X-Guide also uses X-Point technology, a dynamic focus technology that appears on a screen during surgery. This helps the clinician guide the surgical implant with precision and accuracy. X-Point combines with X-Guide Dynamic 3D Navigation during surgery, allowing the surgeon and dental implant expert to follow the guide as they work in the patient’s mouth.
Other Features
A feature that Dr Pauley finds particularly helpful is the parallel planning tools. This makes it easier to optimize the placement of adjacent implants that are in close proximity.
“This gives you a chance to plan your prothesis, maybe a provisional prosthesis, as you’re immediately loading,” Dr Pauley says. “That’s a great thing.”

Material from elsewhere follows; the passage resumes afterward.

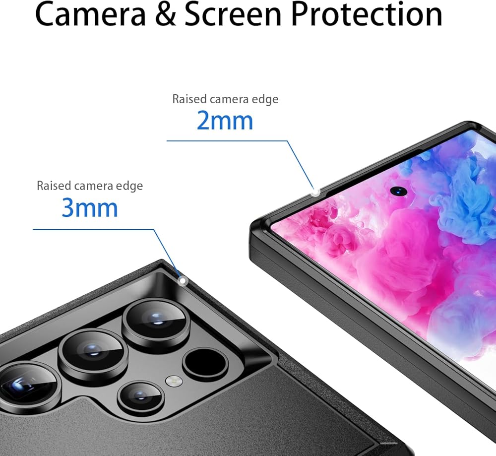 الشفاه المرتفعة والحافة تبقي الكاميرا والشاشة آمنة. مزيج من TPU و polycarbonate للحماية المزدوجة من القطرات والخدوش

Dr Pauley also finds its ergonomic benefits helpful because X-Guide allows you to look at the screen as you go.
“You’re not bending over, you’re looking at the monitor and you’re keeping your eyes focused on the bulls-eye,” Dr Pauley says. “That’s to make sure you’re placing the implant exactly where you planned it, and then it’s giving it back to you in real time.”
X-Guide also allows for a certain flexibility in the process, as opposed to traditional surgical guides that may take longer to print or manufacture.
“If, when you start a surgery you look at your site and say, ‘Hey, I wish my plan was a millimeter more buccal or millimeter more mesial closer to the tooth,’ you can just jump right back into the planning stage on the software,” Dr Pauley says. “That’s not a possibility if you’re using a printed surgical guide.”
Finally, Dr Pauley finds a lot of utility in X-Guide’s ability to predict areas where peri-implantitis may occur so it can be avoided through treatment planning.
“All of this comingles and works together,” Dr Pauley says. “I love it, I use it every time. There’s just a competence that I know I’m going to place it where I planned.”
X-Guide is a registered trademark of X-Nav Technologies.